Of the material below, the lines to be retyped are those from the line containing "Одно из основных" through the line containing "COMFORTABLE HANDLE: The", inclusive; reproduce them exactly.

==== Entries provided ====

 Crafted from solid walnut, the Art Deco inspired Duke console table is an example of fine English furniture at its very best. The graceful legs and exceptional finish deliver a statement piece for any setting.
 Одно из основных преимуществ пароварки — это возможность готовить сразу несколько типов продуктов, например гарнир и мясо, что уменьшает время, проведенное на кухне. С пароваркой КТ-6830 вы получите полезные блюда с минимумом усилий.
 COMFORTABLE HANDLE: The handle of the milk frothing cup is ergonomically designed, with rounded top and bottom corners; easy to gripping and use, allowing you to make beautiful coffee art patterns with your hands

====
==== Entries provided ====

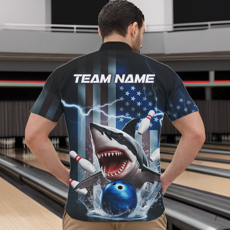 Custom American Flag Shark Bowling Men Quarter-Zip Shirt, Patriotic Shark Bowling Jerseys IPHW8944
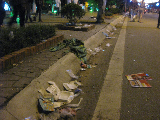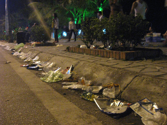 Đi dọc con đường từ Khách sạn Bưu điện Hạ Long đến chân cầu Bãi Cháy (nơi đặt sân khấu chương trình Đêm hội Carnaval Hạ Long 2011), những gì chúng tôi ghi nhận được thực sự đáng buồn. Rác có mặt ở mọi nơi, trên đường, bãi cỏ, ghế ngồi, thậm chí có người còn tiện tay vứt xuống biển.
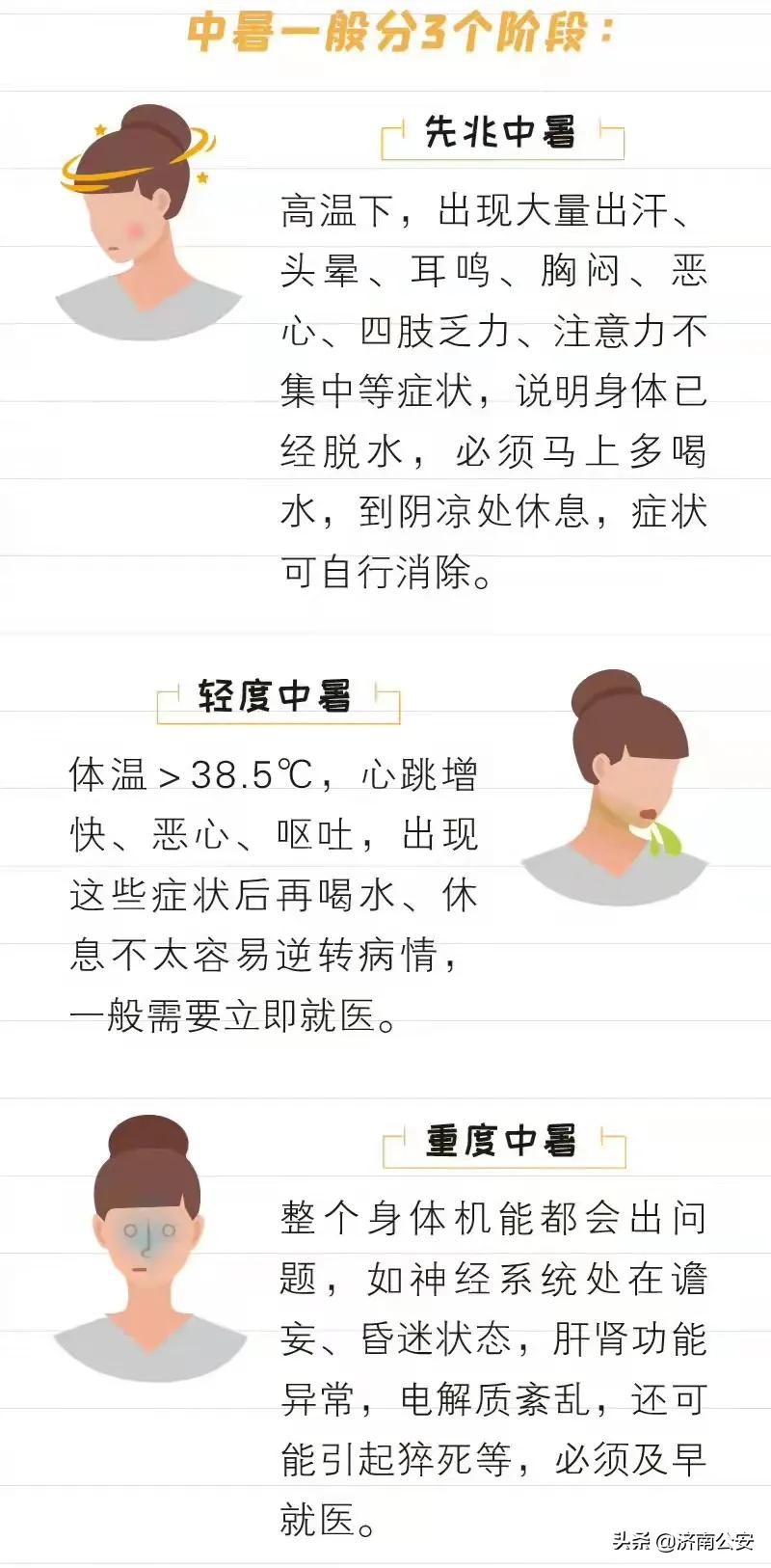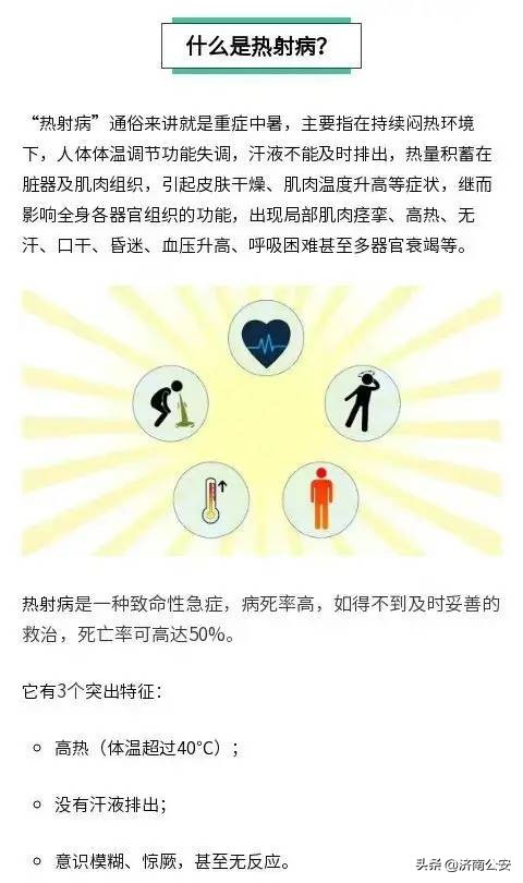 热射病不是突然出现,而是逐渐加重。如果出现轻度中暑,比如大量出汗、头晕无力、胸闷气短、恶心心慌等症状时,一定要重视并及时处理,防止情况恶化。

====

◆ Expected output:
 Одно из основных преимуществ пароварки — это возможность готовить сразу несколько типов продуктов, например гарнир и мясо, что уменьшает время, проведенное на кухне. С пароваркой КТ-6830 вы получите полезные блюда с минимумом усилий.
 COMFORTABLE HANDLE: The handle of the milk frothing cup is ergonomically designed, with rounded top and bottom corners; easy to gripping and use, allowing you to make beautiful coffee art patterns with your hands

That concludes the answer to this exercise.